I wish I wasn't on the other side of the continent and could do something. I am so grateful to those of you are dealing with this there. We should gather some of people's responses for her family. I could start doing that, except for the crying. I never cry.
Have I mentioned lately how much I love you all and how much the house that ita built has meant to me?
Oh God. No words. But the Edna Viccent Millay poem speaks to me.
"I know. But I do not approve. And I am not resigned. "
If there's anything I can do, let me know.
And though I am strapped, I will move heaven and earth to be there in LA for her memorial. If Moji approves of sending letters or cards, I NEED to do so. .
People keep wanting to schedule meetings with me today, and I don't have the spoons. This sucks so much. I held the door for a coworker and she asked how I was doing, and I just blurted out how I really was not okay.
I'm definitely going home soon to wrap myself in a blanket burrito, because I can't put you all in bubble wrap.
(starts popping at bits of imaginary bubble wrap)
Thank you so much, Allyson. And Kristen and Paula and Burrell and Lori and Kat. I'm so sorry it had to be you, but so glad that it could be.
Jesse said exactly what I wanted to. It's awful that you guys had to be the ones on the ground dealing with this, but for ita's sake and her family's I'm so glad that it's people who love her that are doing so rather than someone who didn't know her.
Oh, Allyson. Nobody should ever, ever be qualified to make that call and tell someone that thing; you were as qualified as anyone to be that conduit to the Andersons, but I hate like hell that you had to.
(Allyson, Kristen, Paula) (ita) (no)
I don't think she'd mind if I shared this with you now. Because it's so very applicable again.
I know you're inundated with both missives and emotions right now, so don't feel for any reason that you have to respond to this.

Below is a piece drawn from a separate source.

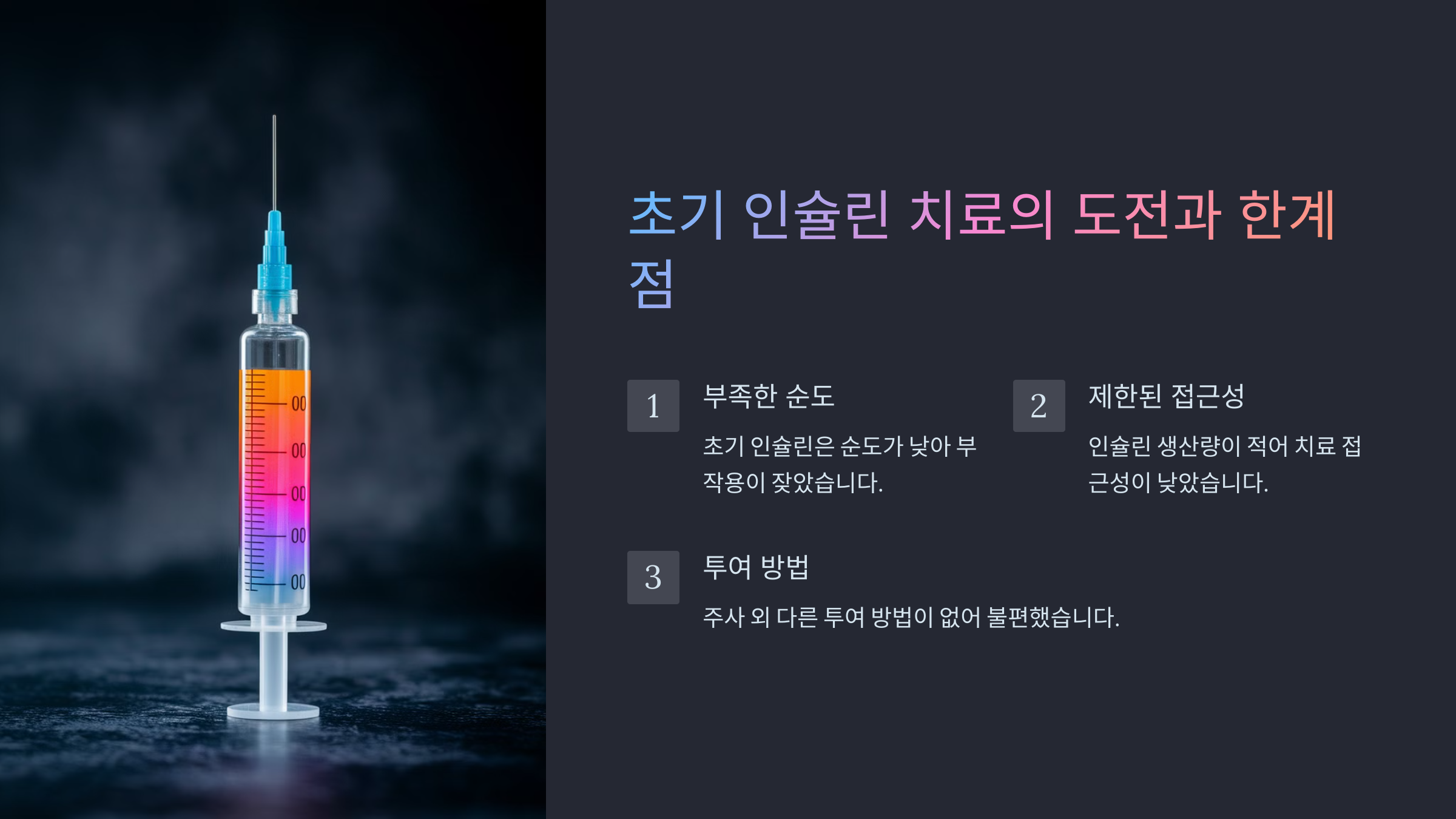 이 연구는 당뇨병 환자들에게 새로운 희망을 주었어요. 이후 인슐린이 대량 생산되면서 당뇨병은 더 이상 치명적인 병이 아니게 되었죠. 하지만 초기 인슐린 치료는 생각보다 많은 문제가 있었답니다. 어떤 문제들이 있었을까요? 다음 섹션에서 알아볼게요! 🚀

I thought I'd wait a day or few so it didn't feel like more of more pressure.
I just want to you know what while you can't help what you feel, *I* want to help what you feel. I want you not to feel responsible, and I want you not to feel like you're alone. As long as part of your brain can hold that knowledge for when you have more emotional ability to handle it.
That you're incredibly loved, incredibly supported, and that we're all here for you. I wish so much I could be close enough to you to hug you if you're accepting those, or just make you hot drinks if that's what works best. Whatever you need.
Take care of yourself, Maria, and let the people around you take care of you too. Do as little as you can get by doing, and feel whatever you need to.
Later, sweetie.
ita.
I'm going to follow her advice yet again. She was an incredible human being. I'm glad we're taking care of each other.
Thank you for sharing that, Maria. Crying again.
I can't breath. I read the post, then all of our posts here and I have been gasping for breath the whole time. Oh, ita.